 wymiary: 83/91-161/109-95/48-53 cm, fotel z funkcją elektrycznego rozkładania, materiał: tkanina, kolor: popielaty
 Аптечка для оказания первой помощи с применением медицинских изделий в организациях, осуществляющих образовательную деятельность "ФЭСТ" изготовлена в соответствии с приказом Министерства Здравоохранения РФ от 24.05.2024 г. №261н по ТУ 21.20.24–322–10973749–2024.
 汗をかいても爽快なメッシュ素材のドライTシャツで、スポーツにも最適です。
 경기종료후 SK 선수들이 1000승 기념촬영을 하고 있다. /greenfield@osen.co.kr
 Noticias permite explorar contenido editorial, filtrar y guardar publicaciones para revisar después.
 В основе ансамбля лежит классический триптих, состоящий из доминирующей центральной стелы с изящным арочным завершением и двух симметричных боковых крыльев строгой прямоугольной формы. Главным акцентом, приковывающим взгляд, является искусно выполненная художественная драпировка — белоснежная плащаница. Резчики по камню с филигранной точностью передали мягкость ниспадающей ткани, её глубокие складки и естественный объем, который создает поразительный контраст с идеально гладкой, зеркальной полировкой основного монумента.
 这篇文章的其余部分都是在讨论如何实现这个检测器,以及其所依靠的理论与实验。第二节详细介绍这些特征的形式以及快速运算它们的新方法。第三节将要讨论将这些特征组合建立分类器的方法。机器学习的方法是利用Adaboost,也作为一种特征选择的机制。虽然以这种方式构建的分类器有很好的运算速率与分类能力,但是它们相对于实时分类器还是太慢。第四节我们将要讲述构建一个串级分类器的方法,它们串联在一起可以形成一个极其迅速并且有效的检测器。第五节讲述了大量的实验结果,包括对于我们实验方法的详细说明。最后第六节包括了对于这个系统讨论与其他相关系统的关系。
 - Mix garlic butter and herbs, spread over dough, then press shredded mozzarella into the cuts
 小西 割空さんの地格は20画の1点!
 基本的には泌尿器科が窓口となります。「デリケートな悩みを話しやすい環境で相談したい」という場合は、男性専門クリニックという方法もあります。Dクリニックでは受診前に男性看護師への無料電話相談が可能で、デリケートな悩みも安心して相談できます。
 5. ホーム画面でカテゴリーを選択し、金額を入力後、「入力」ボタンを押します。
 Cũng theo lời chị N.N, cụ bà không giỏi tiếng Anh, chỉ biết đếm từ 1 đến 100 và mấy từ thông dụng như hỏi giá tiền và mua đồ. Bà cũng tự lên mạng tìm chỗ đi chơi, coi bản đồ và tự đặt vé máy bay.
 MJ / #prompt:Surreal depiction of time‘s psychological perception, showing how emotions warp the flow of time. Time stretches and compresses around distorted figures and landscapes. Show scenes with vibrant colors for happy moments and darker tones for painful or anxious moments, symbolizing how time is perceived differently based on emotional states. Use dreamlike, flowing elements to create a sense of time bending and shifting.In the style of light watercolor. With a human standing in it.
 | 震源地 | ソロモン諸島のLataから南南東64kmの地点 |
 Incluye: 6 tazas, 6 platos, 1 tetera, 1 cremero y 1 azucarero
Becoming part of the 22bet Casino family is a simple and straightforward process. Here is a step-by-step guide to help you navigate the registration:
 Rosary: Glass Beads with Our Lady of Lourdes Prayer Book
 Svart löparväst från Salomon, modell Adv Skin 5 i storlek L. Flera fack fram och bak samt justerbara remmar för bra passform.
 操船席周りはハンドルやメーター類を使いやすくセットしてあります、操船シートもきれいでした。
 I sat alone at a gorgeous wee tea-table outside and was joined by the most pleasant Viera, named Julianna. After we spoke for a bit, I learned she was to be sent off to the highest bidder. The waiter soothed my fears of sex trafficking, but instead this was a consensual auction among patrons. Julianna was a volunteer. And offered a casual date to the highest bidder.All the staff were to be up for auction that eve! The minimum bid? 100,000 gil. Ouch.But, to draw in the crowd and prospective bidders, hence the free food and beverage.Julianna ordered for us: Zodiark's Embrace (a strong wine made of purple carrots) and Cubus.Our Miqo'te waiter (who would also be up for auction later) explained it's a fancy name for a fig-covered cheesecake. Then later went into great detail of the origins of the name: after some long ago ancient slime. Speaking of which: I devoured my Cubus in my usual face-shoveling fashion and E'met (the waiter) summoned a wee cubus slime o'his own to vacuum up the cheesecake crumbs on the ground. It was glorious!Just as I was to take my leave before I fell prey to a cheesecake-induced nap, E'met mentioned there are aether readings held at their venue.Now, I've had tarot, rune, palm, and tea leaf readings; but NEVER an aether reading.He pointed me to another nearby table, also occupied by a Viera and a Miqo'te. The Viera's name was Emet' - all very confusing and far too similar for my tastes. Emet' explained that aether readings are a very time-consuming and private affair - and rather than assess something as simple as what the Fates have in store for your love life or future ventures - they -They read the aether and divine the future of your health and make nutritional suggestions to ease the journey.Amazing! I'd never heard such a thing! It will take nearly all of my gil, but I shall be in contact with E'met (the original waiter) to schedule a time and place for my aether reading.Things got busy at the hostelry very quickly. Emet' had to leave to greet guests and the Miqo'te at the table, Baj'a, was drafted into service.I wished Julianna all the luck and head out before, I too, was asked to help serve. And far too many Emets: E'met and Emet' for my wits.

Work item
Every entry above needs to be quoted exactly.

Output below
 wymiary: 83/91-161/109-95/48-53 cm, fotel z funkcją elektrycznego rozkładania, materiał: tkanina, kolor: popielaty
 Аптечка для оказания первой помощи с применением медицинских изделий в организациях, осуществляющих образовательную деятельность "ФЭСТ" изготовлена в соответствии с приказом Министерства Здравоохранения РФ от 24.05.2024 г. №261н по ТУ 21.20.24–322–10973749–2024.
 汗をかいても爽快なメッシュ素材のドライTシャツで、スポーツにも最適です。
 경기종료후 SK 선수들이 1000승 기념촬영을 하고 있다. /greenfield@osen.co.kr
 Noticias permite explorar contenido editorial, filtrar y guardar publicaciones para revisar después.
 В основе ансамбля лежит классический триптих, состоящий из доминирующей центральной стелы с изящным арочным завершением и двух симметричных боковых крыльев строгой прямоугольной формы. Главным акцентом, приковывающим взгляд, является искусно выполненная художественная драпировка — белоснежная плащаница. Резчики по камню с филигранной точностью передали мягкость ниспадающей ткани, её глубокие складки и естественный объем, который создает поразительный контраст с идеально гладкой, зеркальной полировкой основного монумента.
 这篇文章的其余部分都是在讨论如何实现这个检测器,以及其所依靠的理论与实验。第二节详细介绍这些特征的形式以及快速运算它们的新方法。第三节将要讨论将这些特征组合建立分类器的方法。机器学习的方法是利用Adaboost,也作为一种特征选择的机制。虽然以这种方式构建的分类器有很好的运算速率与分类能力,但是它们相对于实时分类器还是太慢。第四节我们将要讲述构建一个串级分类器的方法,它们串联在一起可以形成一个极其迅速并且有效的检测器。第五节讲述了大量的实验结果,包括对于我们实验方法的详细说明。最后第六节包括了对于这个系统讨论与其他相关系统的关系。
 - Mix garlic butter and herbs, spread over dough, then press shredded mozzarella into the cuts
 小西 割空さんの地格は20画の1点!
 基本的には泌尿器科が窓口となります。「デリケートな悩みを話しやすい環境で相談したい」という場合は、男性専門クリニックという方法もあります。Dクリニックでは受診前に男性看護師への無料電話相談が可能で、デリケートな悩みも安心して相談できます。
 5. ホーム画面でカテゴリーを選択し、金額を入力後、「入力」ボタンを押します。
 Cũng theo lời chị N.N, cụ bà không giỏi tiếng Anh, chỉ biết đếm từ 1 đến 100 và mấy từ thông dụng như hỏi giá tiền và mua đồ. Bà cũng tự lên mạng tìm chỗ đi chơi, coi bản đồ và tự đặt vé máy bay.
 MJ / #prompt:Surreal depiction of time‘s psychological perception, showing how emotions warp the flow of time. Time stretches and compresses around distorted figures and landscapes. Show scenes with vibrant colors for happy moments and darker tones for painful or anxious moments, symbolizing how time is perceived differently based on emotional states. Use dreamlike, flowing elements to create a sense of time bending and shifting.In the style of light watercolor. With a human standing in it.
 | 震源地 | ソロモン諸島のLataから南南東64kmの地点 |
 Incluye: 6 tazas, 6 platos, 1 tetera, 1 cremero y 1 azucarero
Becoming part of the 22bet Casino family is a simple and straightforward process. Here is a step-by-step guide to help you navigate the registration:
 Rosary: Glass Beads with Our Lady of Lourdes Prayer Book
 Svart löparväst från Salomon, modell Adv Skin 5 i storlek L. Flera fack fram och bak samt justerbara remmar för bra passform.
 操船席周りはハンドルやメーター類を使いやすくセットしてあります、操船シートもきれいでした。
 I sat alone at a gorgeous wee tea-table outside and was joined by the most pleasant Viera, named Julianna. After we spoke for a bit, I learned she was to be sent off to the highest bidder. The waiter soothed my fears of sex trafficking, but instead this was a consensual auction among patrons. Julianna was a volunteer. And offered a casual date to the highest bidder.All the staff were to be up for auction that eve! The minimum bid? 100,000 gil. Ouch.But, to draw in the crowd and prospective bidders, hence the free food and beverage.Julianna ordered for us: Zodiark's Embrace (a strong wine made of purple carrots) and Cubus.Our Miqo'te waiter (who would also be up for auction later) explained it's a fancy name for a fig-covered cheesecake. Then later went into great detail of the origins of the name: after some long ago ancient slime. Speaking of which: I devoured my Cubus in my usual face-shoveling fashion and E'met (the waiter) summoned a wee cubus slime o'his own to vacuum up the cheesecake crumbs on the ground. It was glorious!Just as I was to take my leave before I fell prey to a cheesecake-induced nap, E'met mentioned there are aether readings held at their venue.Now, I've had tarot, rune, palm, and tea leaf readings; but NEVER an aether reading.He pointed me to another nearby table, also occupied by a Viera and a Miqo'te. The Viera's name was Emet' - all very confusing and far too similar for my tastes. Emet' explained that aether readings are a very time-consuming and private affair - and rather than assess something as simple as what the Fates have in store for your love life or future ventures - they -They read the aether and divine the future of your health and make nutritional suggestions to ease the journey.Amazing! I'd never heard such a thing! It will take nearly all of my gil, but I shall be in contact with E'met (the original waiter) to schedule a time and place for my aether reading.Things got busy at the hostelry very quickly. Emet' had to leave to greet guests and the Miqo'te at the table, Baj'a, was drafted into service.I wished Julianna all the luck and head out before, I too, was asked to help serve. And far too many Emets: E'met and Emet' for my wits.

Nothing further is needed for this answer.